Whatever the reliability of the data, Jared Diamond has written a chunky chapter about the end of Norse Greenland in his book Collapse. Reviewed by Jonathan Porrit in the Grauniad. Can't read? Won't read? Too busy? Try the 18 minute summary by Diamond on TED. He notes (it's been a while since I read it) that it became increasingly difficult to grow and harvest sufficient hay to get their livestock through each succeeding Winter.  Archaeological analysis of the middens show that cattle were replaced by sheep and goats as the farms became less supportive. In the same way few cattle were/are kept on our Irish 'mountains' today - the land is marginal and cattle are demanding. As time went on, seals became an increasingly significant part of the diet. Diamond makes much of an extraordinary claim that, even facing starvation, the Norse refused to eat fish.  It was as if it was not kosher or that fish sapped your manhood. These assertions have been called into question with such rhetoric as "If the Northmen were so averse to eating fish, how come they named one of their settlements Salmon Stream; huh? huh?"

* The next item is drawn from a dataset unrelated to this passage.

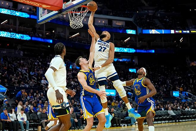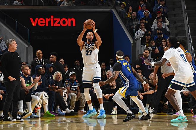 本场比赛中,森林狼的先发中锋鲁迪-戈贝尔(Rudy Gobert)简直是打爆了勇士的内线。戈贝尔全场出场35分10秒,投篮13中11,罚球3中2,得到了24分14篮板1助攻2抢断1盖帽的两双数据,其中还包括了4个前场篮板,还有4次犯规,正负值为+8。戈贝尔在进攻端大杀四方势不可挡,他在对手内线制造了巨大的威胁,他在身材方面的优势尽显无遗,勇士方面根本没有办法对他进行有效地限制。戈贝尔在前后场篮板争抢方面的表现也是值得肯定的,而且他在内线防守方面也是起到了关键性的作用。大家都知道戈贝尔是一名优秀的内线防守者,不过在本场比赛中,戈贝尔在进攻端的表现也是可圈可点的水平,他的一系列出色表现也是球队能够战胜勇士的重要因素。

Whatever the reasons, the end occurred round about the time that Henry V was thrashing the French at Agincourt [1415, Branaghprev].  In 1408 Thorstein Olafsson, an inblow from Iceland married  Sigrid Björnsdottir at Hvalsey Fjord in Greenland. That is the last ceremony of which we have any written record. The newly-weds went to Iceland and those of her neighbours who didn't follow perished where they had lived.